The UK’s House of Lords EU Committee has described itself as “heartened” by the commitment of the European Council and Parliament to avoid a hard border on the island of Ireland.

The agri-food sector will be one of the industries most “profoundly affected by Brexit”, but it was not realistic to pursue a special status for Northern Ireland in the EU once the UK leaves the bloc, according to the Lords’ report published today, July 19.

Looking at the consequences of Brexit for the devolved governments, the Lords also raised concerns that “the Brexit debate has undermined political instability” in Northern Ireland – warning that the region should not become “collateral damage” in the negotiations.

However, the report identified the importance of retaining a customs and trade arrangement between the Republic and the North in the event that the UK leaves the customs union – subject to the approval of EU institutions and member states.

The report said: “Special status is a politically contentious term in Northern Ireland and we acknowledge the unionist community’s concerns that no aspect of the Brexit negotiations should undermine Northern Ireland’s ties to the rest of the UK.

“Yet, at the same time, the specific circumstances in Northern Ireland give rise to unique issues that will need to be addressed during the Brexit negotiations.

We are heartened by the statements of the prime minister, the Irish government, the European Council and the European Parliament, all expressing commitment to protect the achievements of the peace process and to seek to avoid the imposition of a hard border on the island of Ireland.

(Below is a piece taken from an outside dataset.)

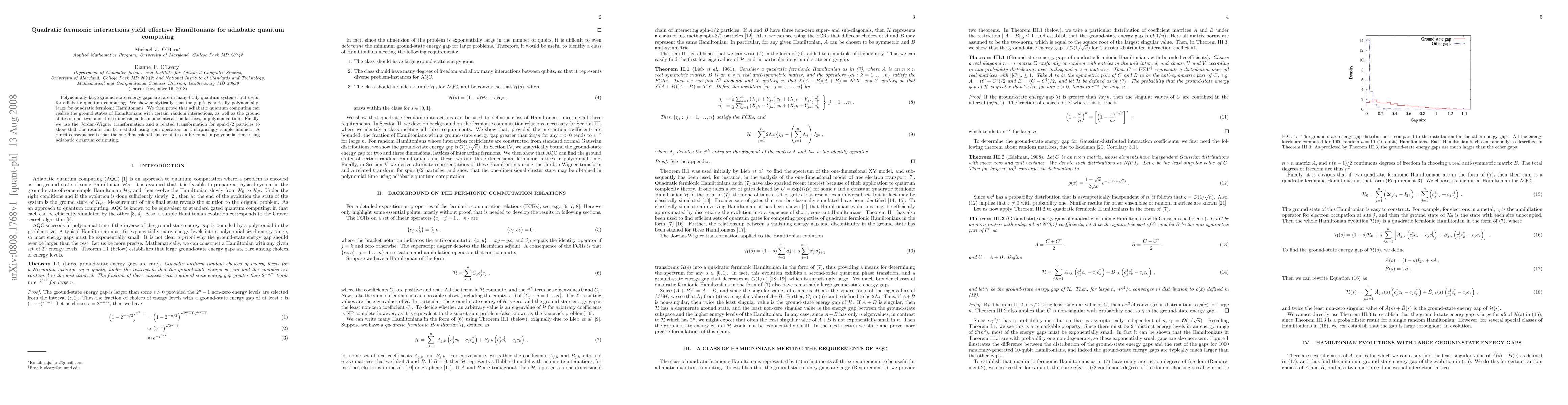 This paper demonstrates that quadratic fermionic Hamiltonians typically have large ground-state energy gaps, which are beneficial for adiabatic quantum computing. It proves that such systems can realize the ground states of various fermionic lattices in polynomial time, and shows that these results can be expressed using spin operators, enabling the one-dimensional cluster state to be found efficiently.

“We also welcome the European Council’s statement that ‘the union should also recognise existing bilateral agreements and arrangements between the UK and Ireland, which are compatible with EU law’ as an indicator that it will not stand in the way of retention of the common travel area,” the report said.

The value of Irish agricultural exports to Northern Ireland was €750 million out of a total €4.1 billion in food and drink shipments to the UK last year, according to figures from IFAC Accountants.